### RECORD SET
━━━
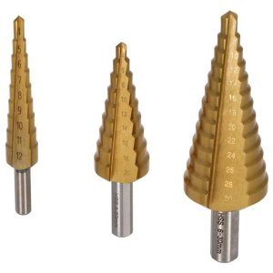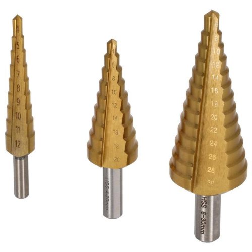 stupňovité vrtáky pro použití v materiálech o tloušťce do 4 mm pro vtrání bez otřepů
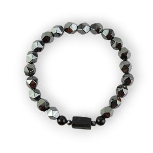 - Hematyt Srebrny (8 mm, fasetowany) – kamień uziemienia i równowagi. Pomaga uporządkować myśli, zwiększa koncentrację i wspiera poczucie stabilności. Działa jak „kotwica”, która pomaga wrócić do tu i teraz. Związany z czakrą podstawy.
━━━
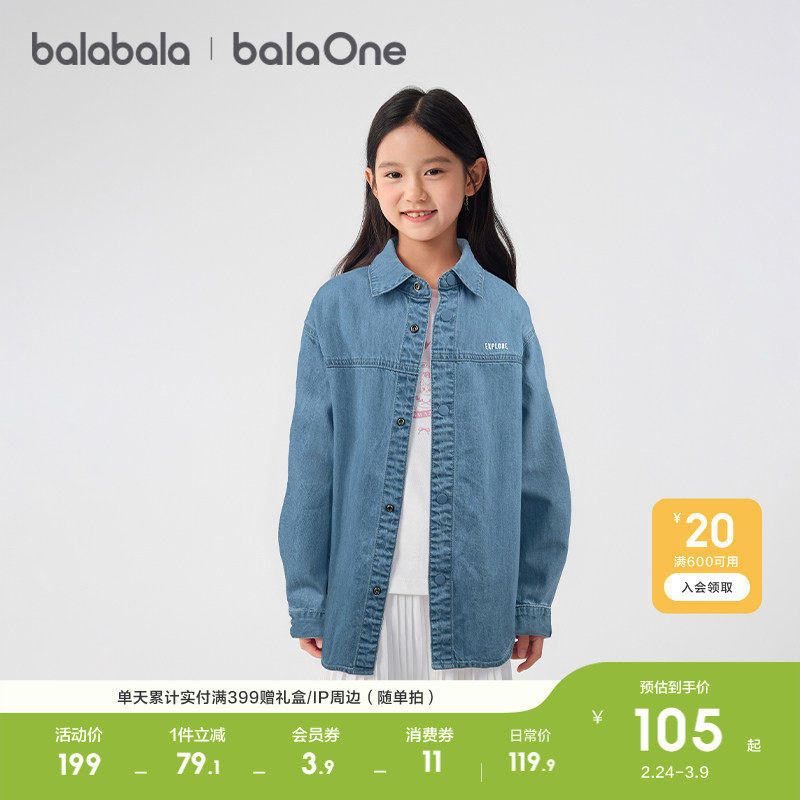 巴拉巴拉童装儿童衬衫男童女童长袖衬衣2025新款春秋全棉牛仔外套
━━━
### TASK PROMPT
Of all the material above, only the lines from the one that has "stupňovité vrtáky pro" down to the one that has "- Hematyt Srebrny" are to be written out, exactly and with both ends included. Pictures are skipped.

### RESPONSE TO THE TASK
 stupňovité vrtáky pro použití v materiálech o tloušťce do 4 mm pro vtrání bez otřepů
 - Hematyt Srebrny (8 mm, fasetowany) – kamień uziemienia i równowagi. Pomaga uporządkować myśli, zwiększa koncentrację i wspiera poczucie stabilności. Działa jak „kotwica”, która pomaga wrócić do tu i teraz. Związany z czakrą podstawy.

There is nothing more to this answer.